Тут его провели в соседнюю комнату, и он, не раздеваясь, не осилив даже стащить сапог, с невольным стоном растянулся на широких нарах. Увидев прямо перед собой Коржа, с расчесанной бородой и ясными глазами, приглашавшего его похлебать горячей ушицы, он поморгал, приподнял тяжелую голову, тут же уронил ее обратно на жесткую подушку.
– Неужто целая ночь проскочила, Афанасий? А эти со своим рыжиком?
– Ночь… Гляди-ка, вечереет опять, целый день божий проспал. Не стали тебя будить. Рыжий-то порывался растолкать тебя, у него к тебе важное слово было, да я не дал. Давно след простыл, – сказал Корж, настойчиво приглашая гостя на свежую уху. – Куда-нибудь в глухомань подались, народ вольный, никому задумок не доверяют. Я уж и у твоего моториста побывал, бутылицу у него выпросил – у них про запас всегда есть. Пуда три рыбы напластал мужик, место ядреное попалось. Хоть бы, говорит, еще ночку старичок мой прокоротал, это он про тебя так. Ты уж, говорит, там его подзайми… Возьми вон рыбки, ушицы, сварганьте понаваристей, куда вам спешить?
Слушая с полуприкрытыми глазами, Захар потихоньку приходил в себя, но вставать ему не хотелось.
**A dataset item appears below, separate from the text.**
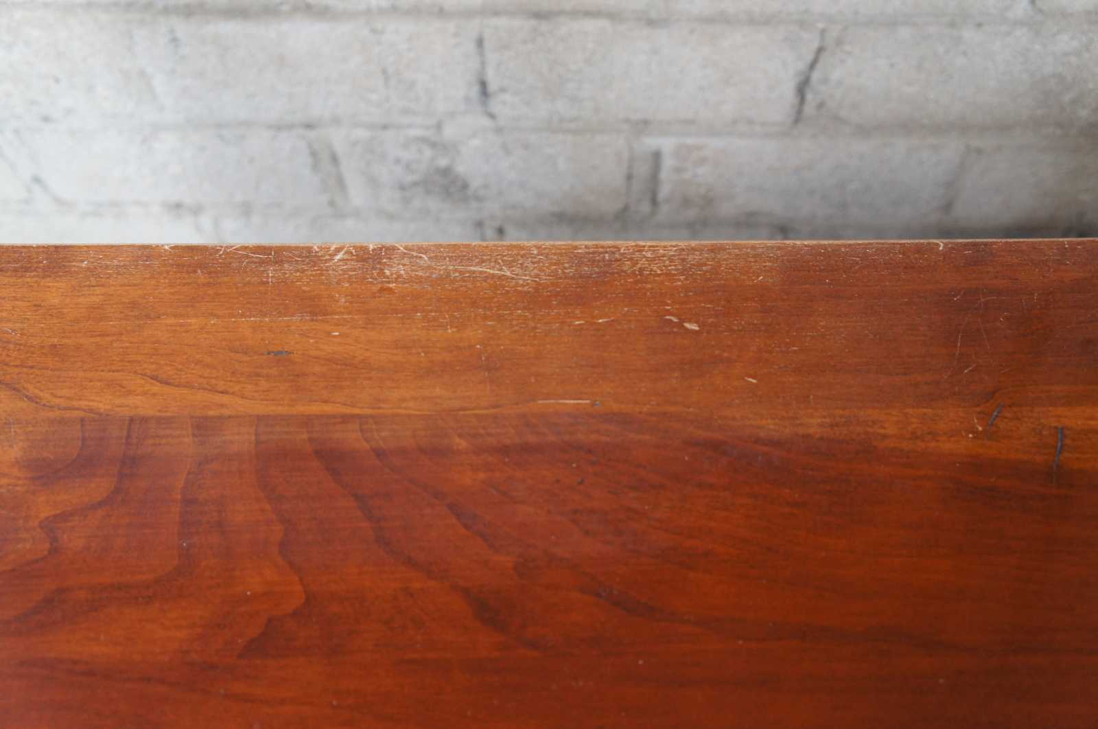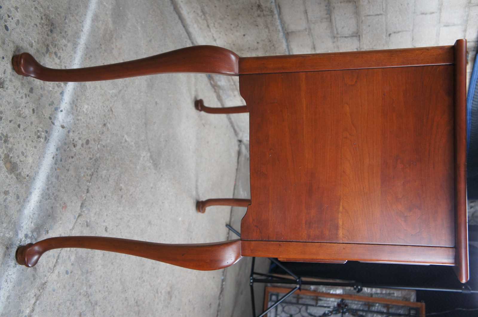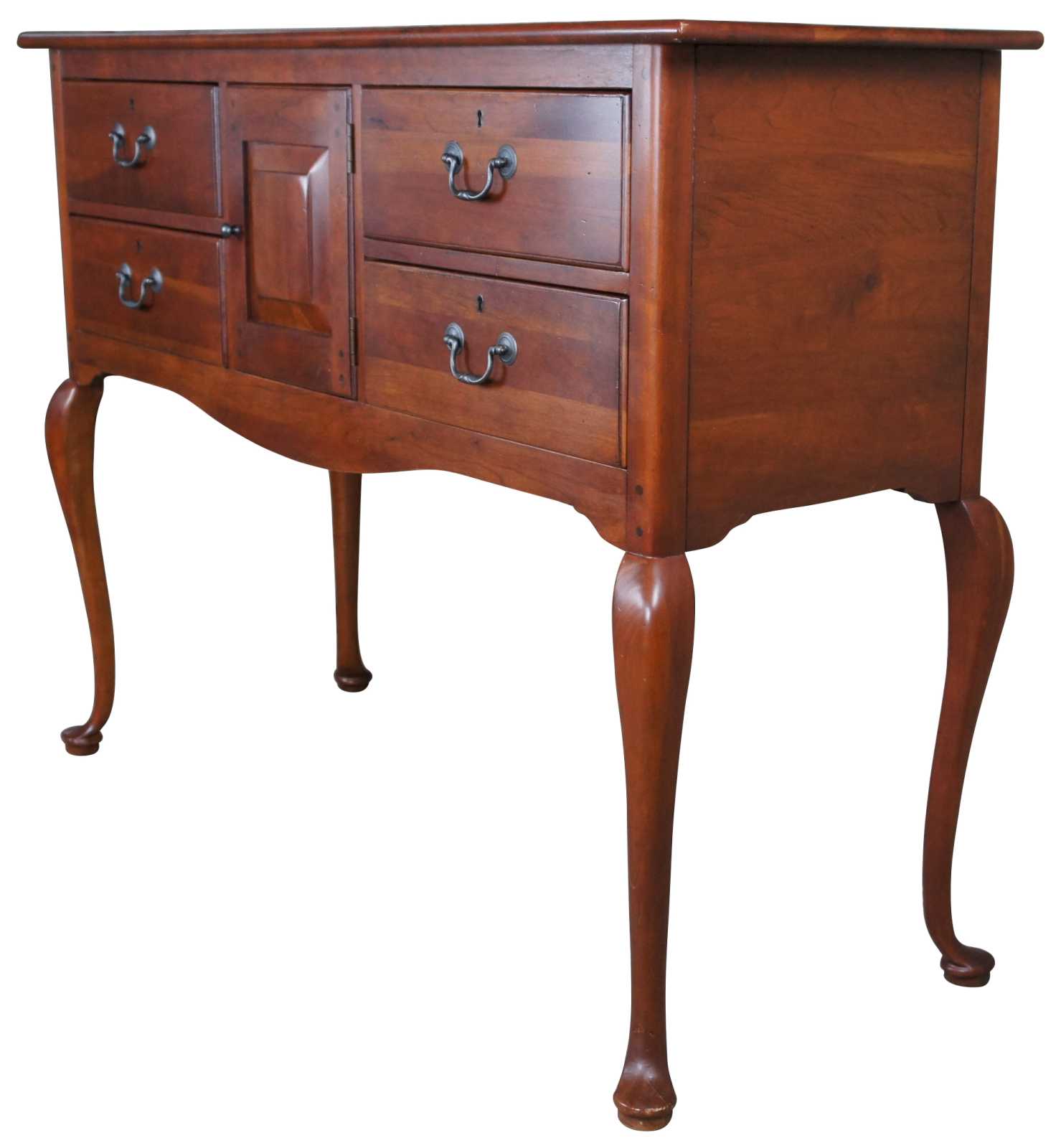 An elegant solid cherry sideboard, server or buffet. by Bob Timberlake for Lexington, circa 1980s. American made farmhouse styling. Features a rectangular frame with central cabinet flanked by four dovetailed drawers. Frame is supported by long queen anne style cabriole legs leading to pad feet. Includes a felt lined drawer and brass bale hardware. #833-869

– Ладно, говорю, ты нас, старых, не замай, сам такой будешь. Ночевать вам и в другой раз в Хибратах. Куда к вечеру в такую дорогу? – веселый и нетерпеливый голос старого Коржа, давно уже снедаемого нетерпением пропустить с гостем на опохмелок «плепорцию», вновь отдалялся, но каждое его слово лесник отчетливо слышит и понимает. – А потом, говорю, он самого чудного из моей жизни не знает. На старости лет в Москву приспичило, хоть ты что хочешь… Совсем невтерпеж в позапрошлом-то году стало. Попала вожжа под хвост – и что хочешь! Перекрестился, собрался – айда! Примеру-то меня, грешного, ты надоумил.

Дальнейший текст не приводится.